An Overview of Selected Prognostic Technologies with Reference to an Integrated PHM Architecture
Shared by Miryam Strautkalns, updated on Mar 20, 2013
- Author(s) :
- M. Roemer, C. Byington, G. Kacprzynski, G. Vachtsevanos, K. Goebel
This chapter reviewed generic prognosis algorithmic approaches and introduced some of the basics associated with probabilistic predictions and a required architecture for performing prognostics on critical aerospace systems.
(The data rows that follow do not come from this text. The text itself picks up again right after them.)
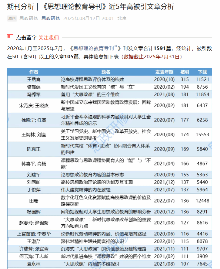 近日,全国高校马克思主义理论与思想政治教育指导性期刊、CSSCI中文社会科学引文索引来源期刊《思想理论教育导刊》公布近五年高被引论文,贝博马克思主义学院教授杨国辉发表于该刊2020年第12期的研究论文《网络短视频对大学生思想政治教育的影响分析》成功入选。高被引论文被认为是"某一学科中质量高、影响力大的精品论文",可以看作是一个研究领域学术发展的风向标。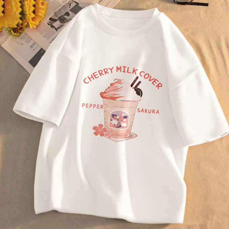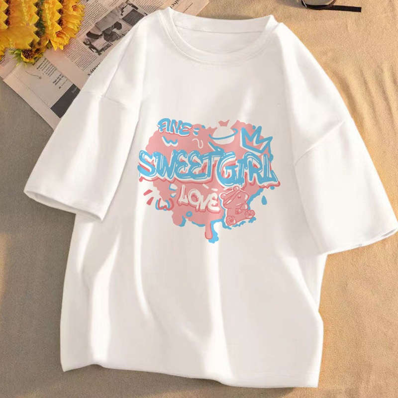 宽松圆领洋气印花百搭原宿风上衣潮流女装 学生韩版 t恤女夏季 短袖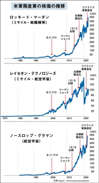 たとえばロッキード・マーチン(世界最大の米兵器メーカー・戦闘機などの航空機等)の株価は、9・11テロ事件後から上がり続け、リーマン・ショックで一旦下がるものの、その後は中東でISIS(イスラム国)が台頭したことで上がり、北朝鮮情勢が緊迫するだけでも株価が上がる。現在ウクライナの戦争に至るまで、とにかく右肩上がりだ。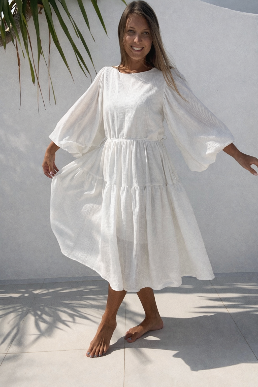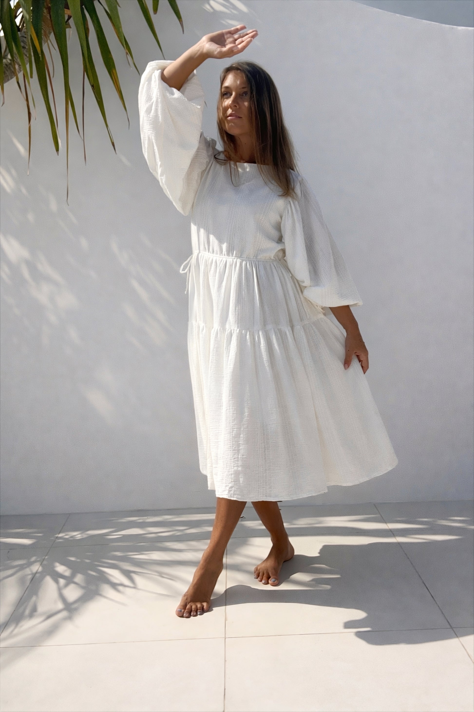 Volnější střih doplňuje stahování v pase na šňůrky, takže si siluetu můžete upravit přesně podle sebe. Nabírané rukávy a vrstvená sukně vytváří ženský, vzdušný pohyb při každém kroku.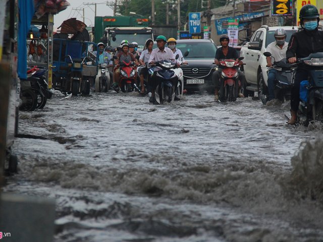 Triều cường ở TP.HCM dâng cao, người dân ngã nhào trên đường vì ngập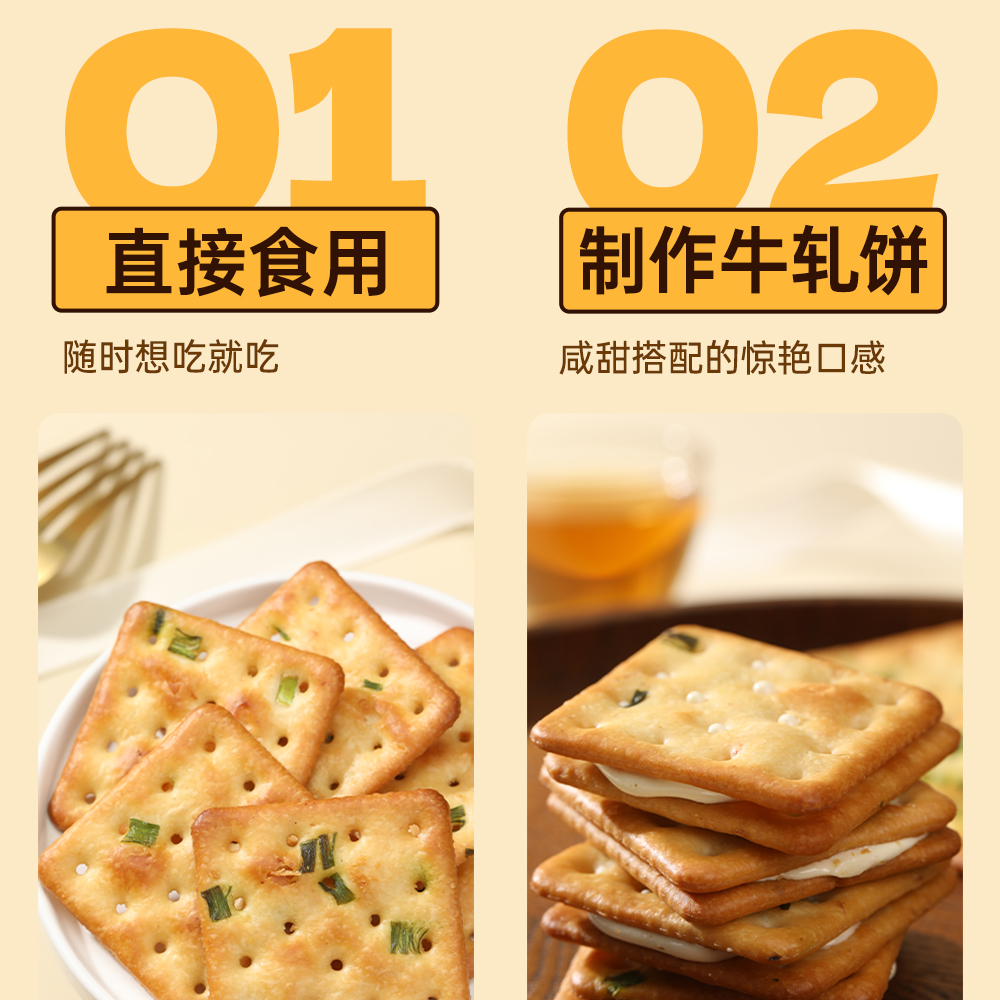 欲粮苏打饼干香葱咸味蔬菜梳打休闲小零食牛扎饼专用原材料真空装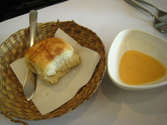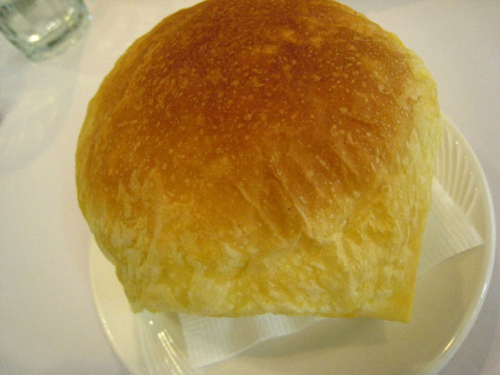 強生的麵包上桌了~麵包醬的味道類似千島醬,吃起來感覺怪怪的@@

Prognosis is a critical element of a HM system and has the promise to realize major benefits for cost avoidance and safety improvement for fielded systems. It also presents a number of challenges to the HM system designer, primarily due to the need to properly model damage progression and to deal with large-grain uncertainty. Long-term prediction of a fault’s evolution to the point thatmay result in a failure requires means to represent and manage the inherent uncertainty. Moreover, accurate and precise prognosis demands good models of the fault growth and statistically sufficient samples of failure data to assist in training, validating, and fine tuning prognostic algorithms. Prognosis performance metrics, robust algorithms, and test platforms that may provide needed data have been the target of HM researchers in the recent past. Many accomplishments have been reported but major challenges still remain to be addressed.
To address the issue of inherent uncertainties that are the aggregate of many unknowns and can result in considerable prediction variability, the concept of adaptive prognosis was introduced. In that case, available, albeit imperfect, information is used to update elements of the prognostic model. Only one of many approaches for accomplishing this was briefly introduced, namely, the particle filter. Other statistical update techniques include Bayesian updating, constrained optimization, and Kalman filtering.
The design process is not a trivial process by which features and models are chosen for integration such that the best possible prediction on RUL still is obtained. It takes substantial effort to design systems so that measured data can be fused and used in conjunction with physics-based models to estimate current and future damage states. This is exacerbated when multiple models are employed that may use different feature inputs. The prognosis system must also be capable of intelligently calibrating a priori initial conditions (e.g., humidity, strain, and temperature) and random variable characteristics in an automated yet lucid process.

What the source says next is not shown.